For the definition of the computer science word ‘ontology’, many people have cited the publications of T.R. Gruber (1993, 1995, see: http://dx.doi.org/10.1006/knac.1993.1008 and http://dx.doi.org/10.1006/ijhc.1995.1081): ‘An ontology is an explicit specification of a conceptualization’. Middle 1990s is the golden age for discussing the definition of ontology. N. Guarino (1997, see: http://dx.doi.org/10.1006/ijhc.1996.0091) made a nice review of the definition of ‘ontology’, in which I think one key point he discussed was the ‘shared conceptualization’ feature of an ontology. So in my PhD dissertation (Ma, 2011, see: http://www.itc.nl/library/papers_2011/phd/ma.pdf) I tried to re-address the definition of the computer science ‘ontology’: ‘Ontologies in computer science are defined as shared conceptualizations of domain knowledge (Gruber, 1995; Guarino, 1997b)…’

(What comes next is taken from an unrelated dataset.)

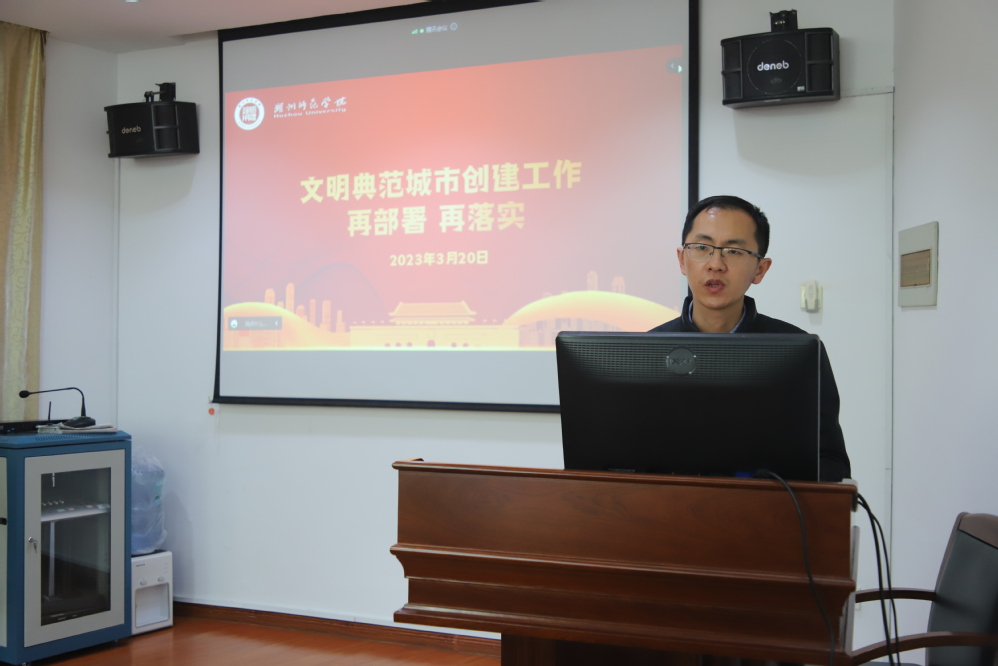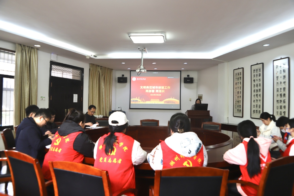 为给全院师生营造一个安全有序、文明和谐、整洁舒适的校园环境,助力文明典范城市创建工作,3月20日,我院召开文明典范城市创建工作部署会,对学校要求再部署、再强化、再落实。会议采取线上线下相结合的方式同时召开,学院党委副书记朱竞、全体辅导员及40余名学生志愿者参会。
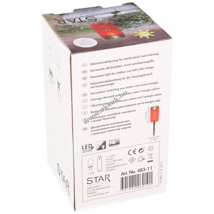 - Műszaki adatok: Modell Hearty, magasság120mmxátmérő70mm, anyag UV-álló műanyag, energiaellátás napelem

Third, after seeing the definition of ontology, let’s focus on how to put a computer science ‘ontology’ into practice, especially in the domain of Earth and space science informatics. Early 2000s is the golden age for that work. McGuinness (2003, see: http://www-ksl.stanford.edu/people/dlm/papers/ontologies-come-of-age-mit-press-%28with-citation%29.htm) made a wonderful discussion of the ontology spectrum. McGuinness also made a footnote to that spectrum figure: ‘This spectrum arose out of a conversation in preparation for an ontology panel at AAAI ’99. The panelists (Gruninger, Lehman, McGuinness, Ushold, and Welty), chosen because of their years of experience in ontologies found that they encountered many forms of specifications that different people termed ontologies. McGuinness refined the picture to the one included here.’ When I was doing my PhD I read this note and I tried to find a few other publications by people in the panelists listed by McGuinness, and I did find a few that also discussed the ontology spectrum, for example:
Welty, C., 2002. Ontology-driven conceptual modeling. In: Pidduck, A.B., Mylopoulos, J., Woo, C.C., Ozsu, M.T. (Eds.), Advanced Information Systems Engineering, Lecture Notes in Computer Science, vol. 2348. Springer-Verlag, Berlin & Heidelberg, Germany, pp. 3-3. Lecture slides available at: http://www.cs.toronto.edu/caise02/cwelty.pdf
Obrst, L., 2003. Ontologies for semantically interoperable systems. In: Proceedings of the Twelfth International Conference on Information and Knowledge Management, New Orleans, LA, USA, 366-369.
Uschold, M., Gruninger, M., 2004. Ontologies and semantics for seamless connectivity. SIGMOD Record 33 (4), 58–64.
Borgo, S., Guarino, N., Vieu, L., 2005. Formal ontology for semanticists. In: Lecture notes of the 17th European Summer School in Logic, Language and Information (ESSLLI 2005), Edinburgh, Scotland, 12pp. http://www.loa-cnr.it/Tutorials/ESSLLI1.pdf

OS1
An ontology spectrum (from McGuinness 2003)

To help myself understand the ontology spectrum better, I redrew the diagram (see below) in my PhD dissertation. Very recently (Dec 03, 2013) Jim McGusker, a PhD student with McGuinness, made a thorough explanation of the spectrum in his blog (see: http://info.5amsolutions.com/blog/bid/154967/6-Points-Along-the-Ontology-Spectrum).

OS2
Ontology spectrum (adapted from Borgo et al., 2005; McGuinness, 2003; Obrst, 2003; Uschold and Gruninger, 2004; Welty, 2002). Texts in italics explain a typical relationship in each ontology type (from Ma 2011)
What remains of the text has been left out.